__TASK DETAILS__.
Leaving out the pictures, return each line of the entries from the first through the line with "阿知波真衣さんの天運は25画の4点!", and only those lines.

Recorded data
• • • • • • •

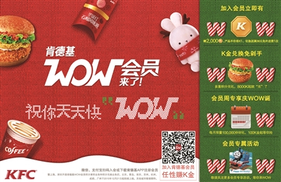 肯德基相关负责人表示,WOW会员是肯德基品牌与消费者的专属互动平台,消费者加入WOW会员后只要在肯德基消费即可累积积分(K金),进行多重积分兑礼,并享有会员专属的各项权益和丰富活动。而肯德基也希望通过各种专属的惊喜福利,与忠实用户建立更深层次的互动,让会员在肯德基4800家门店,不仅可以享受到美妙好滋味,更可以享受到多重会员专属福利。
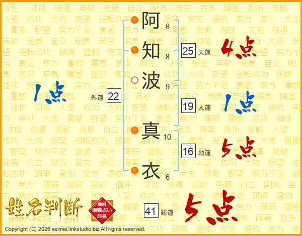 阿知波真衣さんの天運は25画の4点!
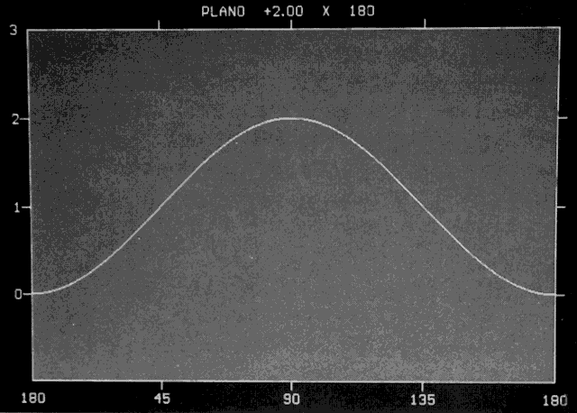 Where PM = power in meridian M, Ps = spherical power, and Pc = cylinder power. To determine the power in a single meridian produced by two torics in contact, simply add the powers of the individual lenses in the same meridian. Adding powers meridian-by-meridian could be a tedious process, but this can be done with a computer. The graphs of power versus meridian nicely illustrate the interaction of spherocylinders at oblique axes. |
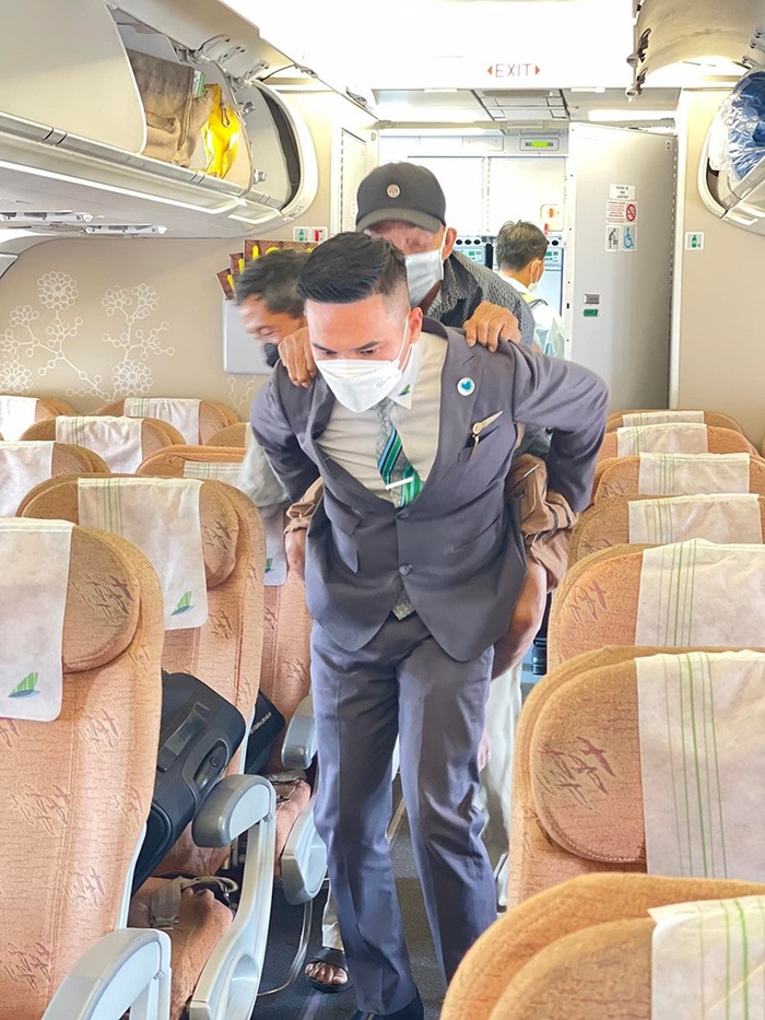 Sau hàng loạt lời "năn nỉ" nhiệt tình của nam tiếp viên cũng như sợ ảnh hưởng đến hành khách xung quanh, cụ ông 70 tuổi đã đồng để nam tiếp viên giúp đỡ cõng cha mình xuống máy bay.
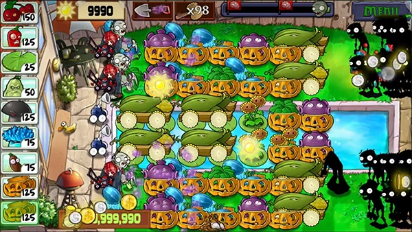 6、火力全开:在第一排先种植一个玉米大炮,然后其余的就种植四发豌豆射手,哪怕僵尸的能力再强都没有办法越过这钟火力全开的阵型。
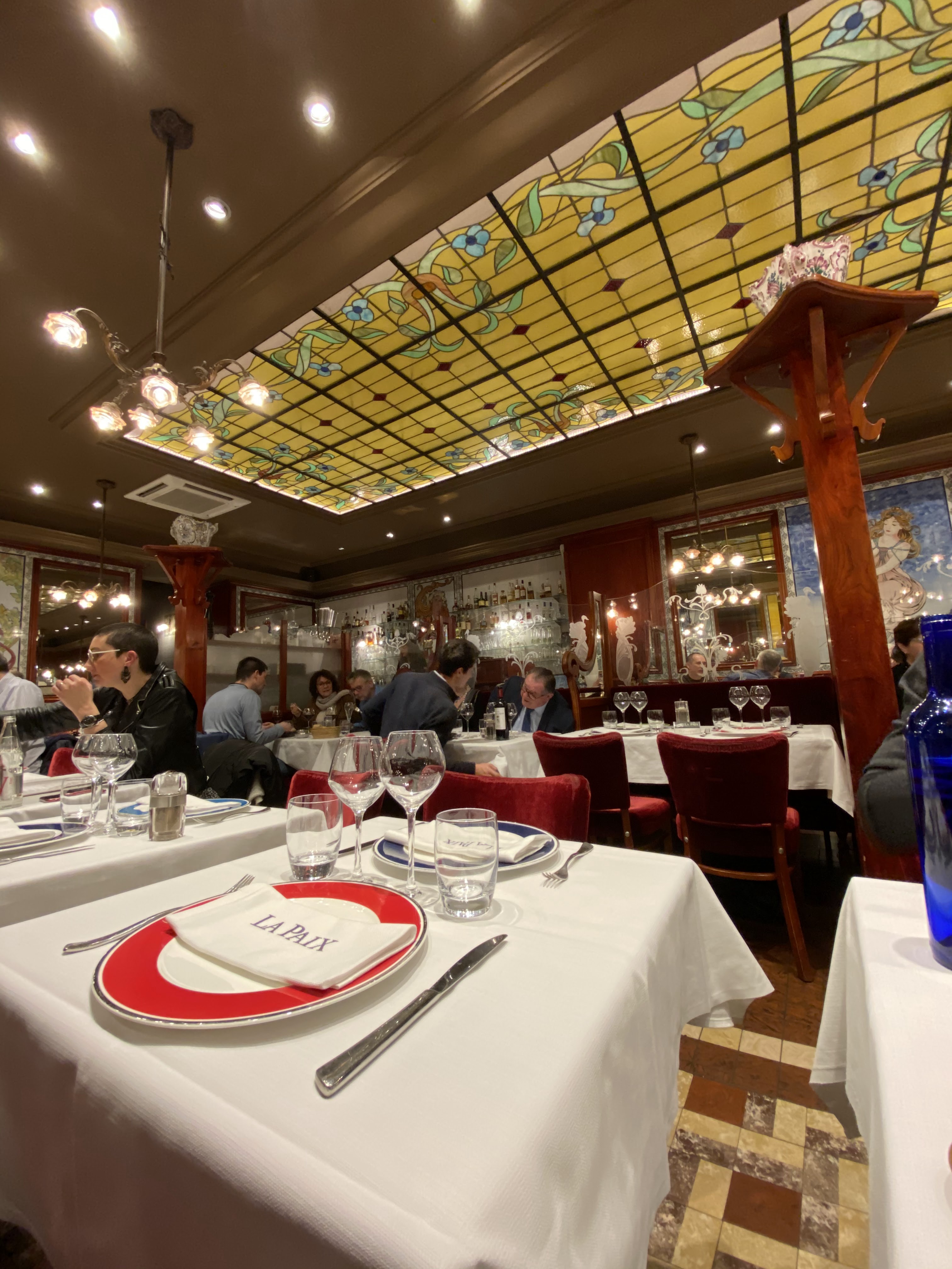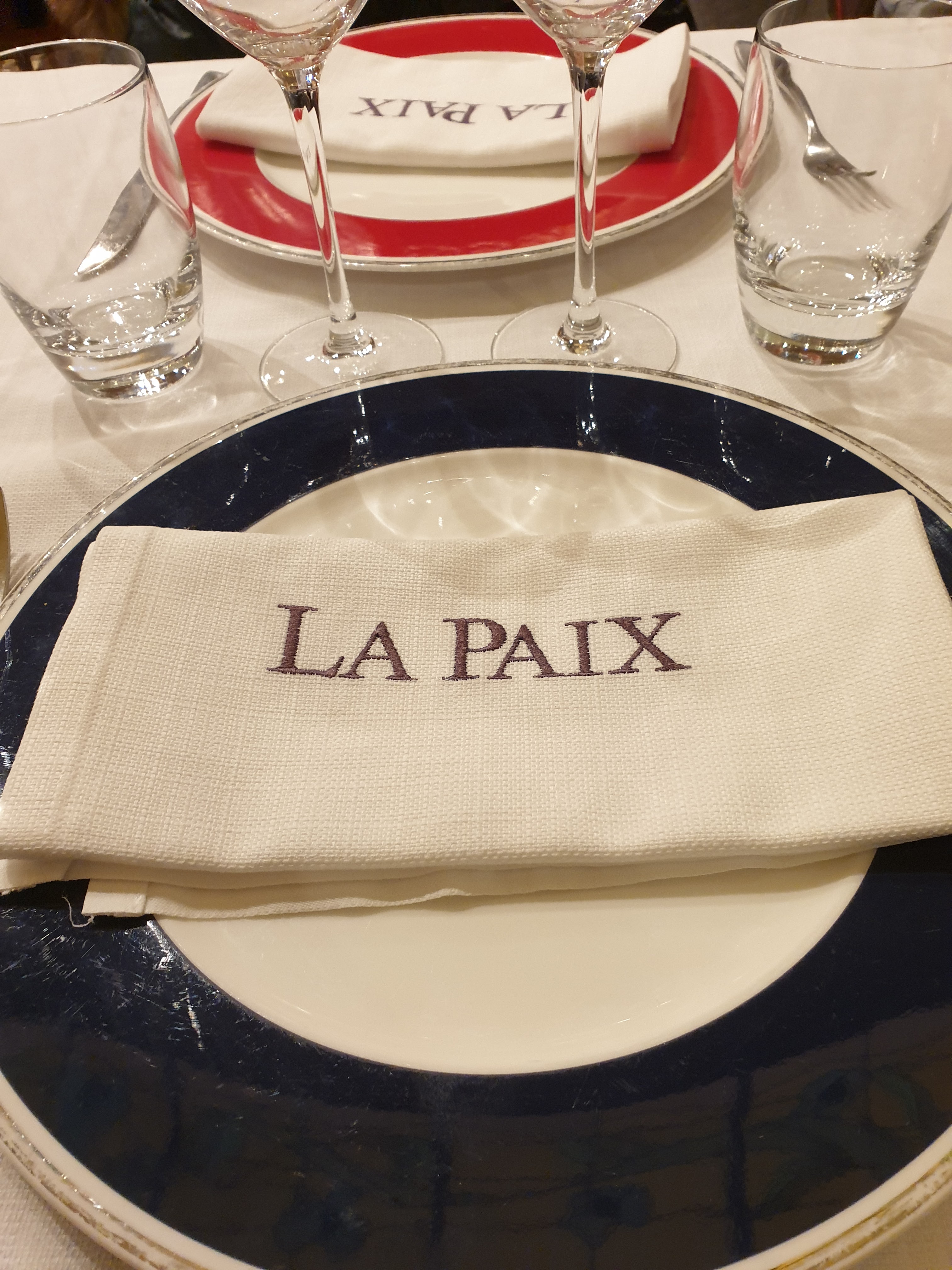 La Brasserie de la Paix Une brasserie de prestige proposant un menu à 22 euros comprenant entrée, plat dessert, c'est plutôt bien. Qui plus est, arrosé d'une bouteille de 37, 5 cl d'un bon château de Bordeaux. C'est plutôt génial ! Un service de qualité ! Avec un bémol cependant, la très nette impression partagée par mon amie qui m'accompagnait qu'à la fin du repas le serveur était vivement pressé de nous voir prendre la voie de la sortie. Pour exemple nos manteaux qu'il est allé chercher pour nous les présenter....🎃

• • • • • • •

__RESULT OF THE TASK__.
 肯德基相关负责人表示,WOW会员是肯德基品牌与消费者的专属互动平台,消费者加入WOW会员后只要在肯德基消费即可累积积分(K金),进行多重积分兑礼,并享有会员专属的各项权益和丰富活动。而肯德基也希望通过各种专属的惊喜福利,与忠实用户建立更深层次的互动,让会员在肯德基4800家门店,不仅可以享受到美妙好滋味,更可以享受到多重会员专属福利。
 阿知波真衣さんの天運は25画の4点!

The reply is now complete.